Glass detection: Recently, Mei et al. [15] contributed to a glass detection dataset, GDD, and proposed a method to extract different layer features from the backbone network and fuse deep and shallow features to detect glass. Cao et al. [19] proposed a method to enhance the ability to distinguish boundaries that could extract features across modalities and multiple scales. Hao et al. [26] proposed a boundary-aware module that could model the boundaries of global shapes. Some methods use multidimensional data; for example, Mei et al. [20] used polarization information to detect glass. Huo et al. [23] used thermograms to fuse RGB images and thermal modal features to detect glass. Lin et al. [24] constructed an RGB-D glass dataset and used depth information to analyze glass features.

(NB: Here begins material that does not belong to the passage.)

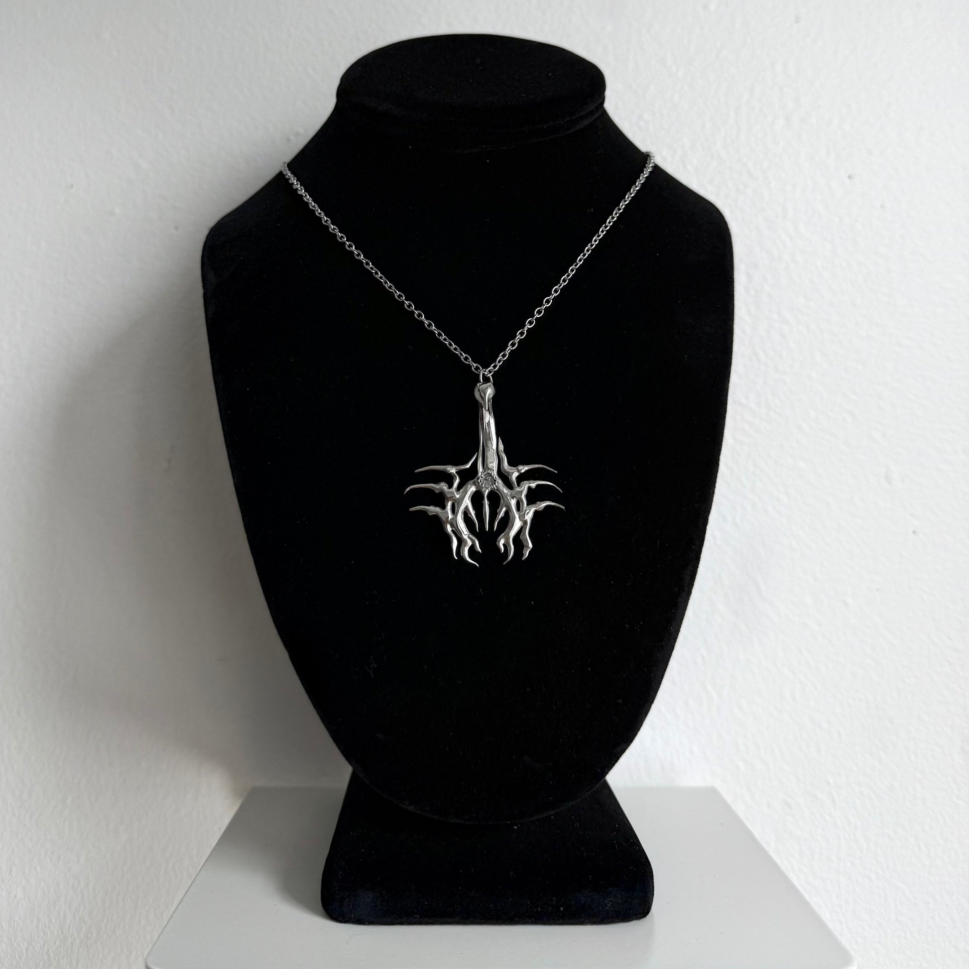 A sculptural piece from our collection, inspired by biosigilism. Precision-cast in your choice of 925 sterling silver or white brass.

After reviewing existing methods in related fields, we found that there was room for improvement. Some approaches concatenate contextual features but ignore the differences between different levels of features. There are also approaches that use a combination of boundary and segmentation features, but they ignore the holistic nature of the target features. By combining the advantages of the above approaches and summarizing the drawbacks of the current methods, we propose TGSNet. Compared with previous works, our backbone uses a multilayer transformer based on convolutional attention and designs a novel feature fusion module consisting of transformer heads.

3. Proposed Method

Our approach combines the strengths of and addresses the weaknesses of existing state-of-the-art techniques. We first design the CAM module, which extracts and connects contextual information from the backbone network with features of different sizes using self-attention. We use the convolutional transformer structure in MFT to obtain richer feature semantics from different receptive fields. Therefore, deeper structures must be used to achieve a greater number of receptive field scales. However, when we use self-attention with a multilayer transformer structure, the number of parameters increases as the structure deepens. To solve this problem, we chose to use multiscale convolutional attention, and multiscale convolutional attention structures ensure the use of a smaller number of parameters while ensuring as much accuracy as possible [18]. The CCFF module aims to transform feature information into cross-modality boundary and segmentation features and enhance both features. The background feature information is then gradually cascaded from a large receptive field to a small receptive field.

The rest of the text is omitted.